● REQUIRED ACTION
Transcribe every entry verbatim; omit pictures.

── DATASET EXTRACT

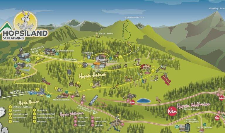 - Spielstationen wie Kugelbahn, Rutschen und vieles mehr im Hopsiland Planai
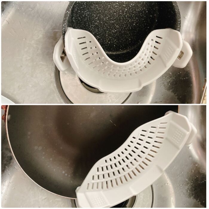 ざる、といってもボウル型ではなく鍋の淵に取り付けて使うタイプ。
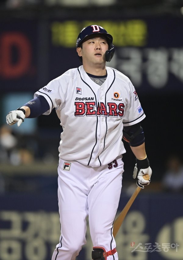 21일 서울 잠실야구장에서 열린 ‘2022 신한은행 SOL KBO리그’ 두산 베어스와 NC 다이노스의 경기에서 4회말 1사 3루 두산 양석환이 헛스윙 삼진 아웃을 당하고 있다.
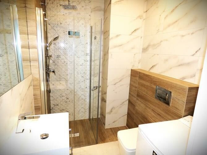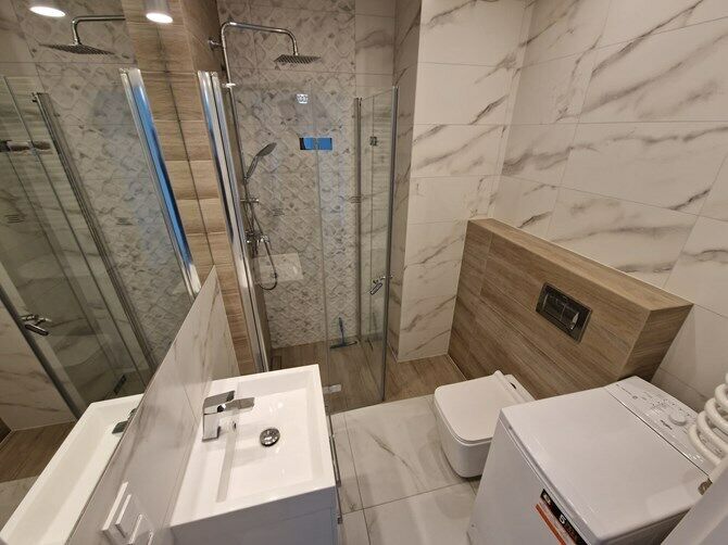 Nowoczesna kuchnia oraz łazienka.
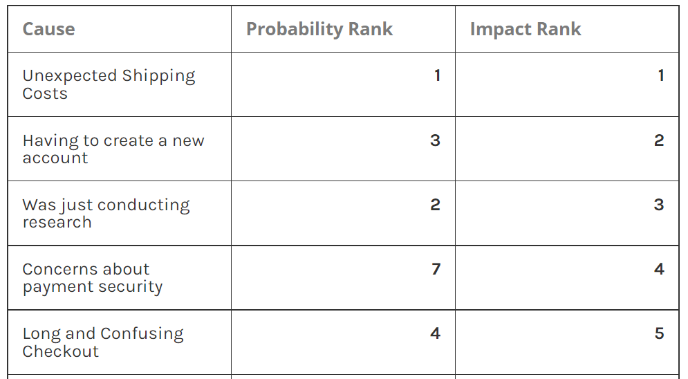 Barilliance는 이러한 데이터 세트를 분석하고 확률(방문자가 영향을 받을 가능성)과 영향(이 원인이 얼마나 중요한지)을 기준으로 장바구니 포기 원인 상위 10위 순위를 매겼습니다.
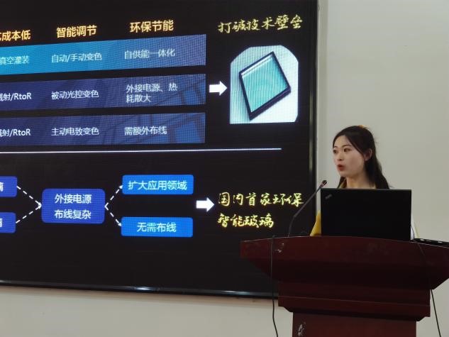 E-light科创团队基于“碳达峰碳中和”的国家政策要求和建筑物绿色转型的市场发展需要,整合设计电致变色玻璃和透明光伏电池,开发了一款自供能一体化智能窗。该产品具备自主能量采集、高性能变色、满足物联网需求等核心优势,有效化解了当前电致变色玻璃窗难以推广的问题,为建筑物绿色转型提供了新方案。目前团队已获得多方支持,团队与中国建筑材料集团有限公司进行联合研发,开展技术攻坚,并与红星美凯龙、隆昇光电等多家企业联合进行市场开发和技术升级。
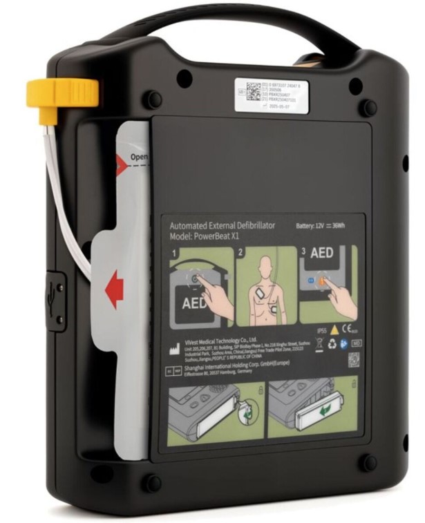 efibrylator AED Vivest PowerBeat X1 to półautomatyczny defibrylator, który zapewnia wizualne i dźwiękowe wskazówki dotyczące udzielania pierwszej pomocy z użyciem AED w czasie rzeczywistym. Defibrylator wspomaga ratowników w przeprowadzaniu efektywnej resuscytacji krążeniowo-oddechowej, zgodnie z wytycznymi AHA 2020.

────

● ANSWER TO THIS EXERCISE
 - Spielstationen wie Kugelbahn, Rutschen und vieles mehr im Hopsiland Planai
 ざる、といってもボウル型ではなく鍋の淵に取り付けて使うタイプ。
 21일 서울 잠실야구장에서 열린 ‘2022 신한은행 SOL KBO리그’ 두산 베어스와 NC 다이노스의 경기에서 4회말 1사 3루 두산 양석환이 헛스윙 삼진 아웃을 당하고 있다.
 Nowoczesna kuchnia oraz łazienka.
 Barilliance는 이러한 데이터 세트를 분석하고 확률(방문자가 영향을 받을 가능성)과 영향(이 원인이 얼마나 중요한지)을 기준으로 장바구니 포기 원인 상위 10위 순위를 매겼습니다.
 E-light科创团队基于“碳达峰碳中和”的国家政策要求和建筑物绿色转型的市场发展需要,整合设计电致变色玻璃和透明光伏电池,开发了一款自供能一体化智能窗。该产品具备自主能量采集、高性能变色、满足物联网需求等核心优势,有效化解了当前电致变色玻璃窗难以推广的问题,为建筑物绿色转型提供了新方案。目前团队已获得多方支持,团队与中国建筑材料集团有限公司进行联合研发,开展技术攻坚,并与红星美凯龙、隆昇光电等多家企业联合进行市场开发和技术升级。
 efibrylator AED Vivest PowerBeat X1 to półautomatyczny defibrylator, który zapewnia wizualne i dźwiękowe wskazówki dotyczące udzielania pierwszej pomocy z użyciem AED w czasie rzeczywistym. Defibrylator wspomaga ratowników w przeprowadzaniu efektywnej resuscytacji krążeniowo-oddechowej, zgodnie z wytycznymi AHA 2020.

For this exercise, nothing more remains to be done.